This page is somewhat humorous as here I try and be self-critical and point out all the problems I have:

Attention span problem

I usually have way too many software projects on the go. 60 software projects seems better than 1 solid program. When I do consulting for companies and I have structured goals, I have much more motivation to complete a project - and I focus much more. But when it comes to open source projects done in spare time, that aren't for consulting, it seems that researching and contributing to 60 projects is better than 1 solid winning project.

I think all programmers that are any good at programming should become consultants or paid-for-software developers (i.e. shareware) - because when a company pays you and gives you structured outlines/goals, you are much more efficient when it comes to getting it done (just do it). The problem with programming is that there are infinite features to implement - so when you aren't paid to program you start dreaming up feature after feature and cool thing after cool thing. This is where structure and goals must come in and save your life - or you will be depressed because you didn't implement the infinite features that you wanted to implement.

Now if hardware was free on the other hand, and energy was free, then software could be free too..

Consistent neatness and organization is a no no

A neat desk but a messy closet or a half made bed. A neat and organized programming language along with a messy hard drive that needs to be backed up and cleaned out more frequently.

All arguments are won by drowning the other in sludge

During email conversations or mailing list discussions, I tend to drown people with verbose messages. Sometimes I even win arguments because my messages are so long that people can't take the time to reply. Seriously. The issue is that I want to discuss as much as possible, and explore all the options - but people get sore eyes when they have to read so much.

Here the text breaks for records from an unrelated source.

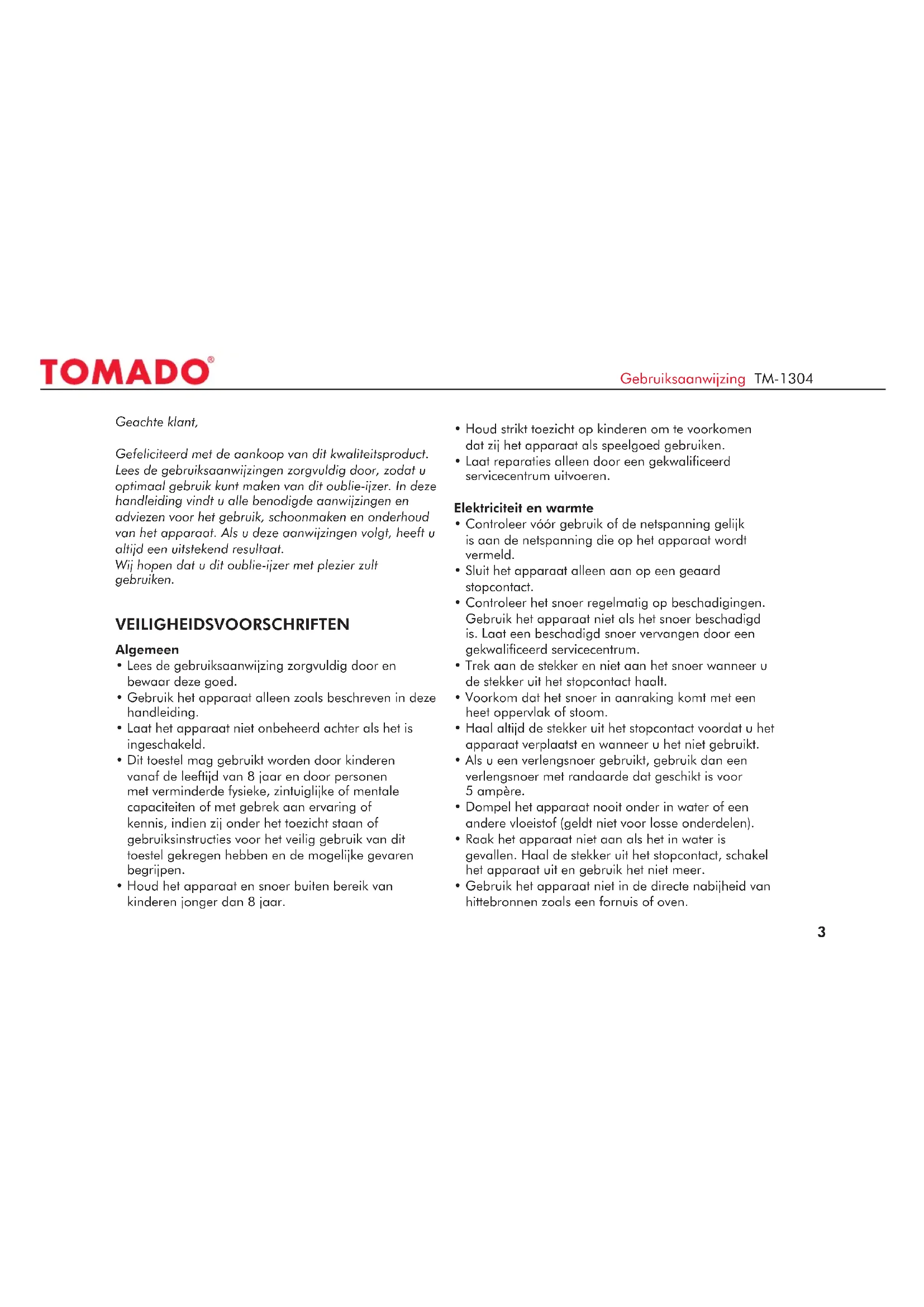 GEBRUIKSAANWIJZING TM1304 Tomado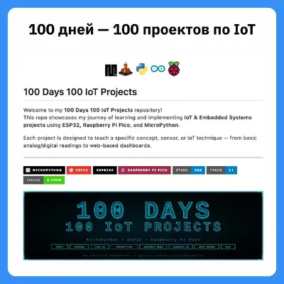 ⚡️ 100 дней IoT: для питонистов Этот репозиторий — пошаговый план трансформации из «программиста интерфейсов» в инженера встроенных систем. Автор использует MicroPython, ESP32 и Raspberry Pi Pico,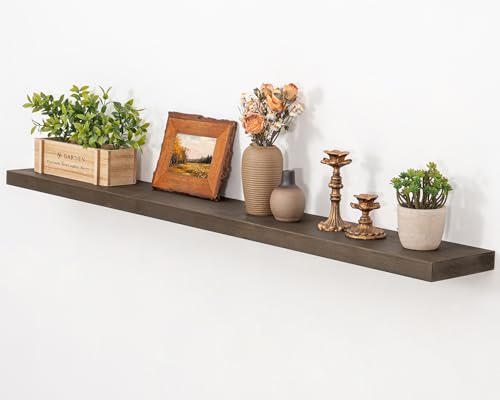 Axeman - أرفف معلقة من الخشب الطبيعي تثبت على الحائط، أرفف جدارية ريفية للحمام وغرفة النوم والمطبخ وغرفة المعيشة، رف خشبي طويل معتق من اكسيمان، مجموعة من قطعتين، رمادي عتيق، 1.3 م

Criticizing licenses and politics while living in them

I criticize software licenses and politics that I don't like, yet I sometimes use a lot of software that is based on these licenses. An example is a BSD user who hates GNU/GPL with a passion but still uses a GCC compiler released under GPL. I also criticize politics, capitalism, libtards, conservtards, and communism a lot - but yet I still live in a capitalist society myself full of liberals and conservatives
I do work on these issues. Being self critical and publicly pointing out my difficulties is the first step to becoming a better human. In fact I'd argue that most people tend to keep their problems secret. I want to make them public.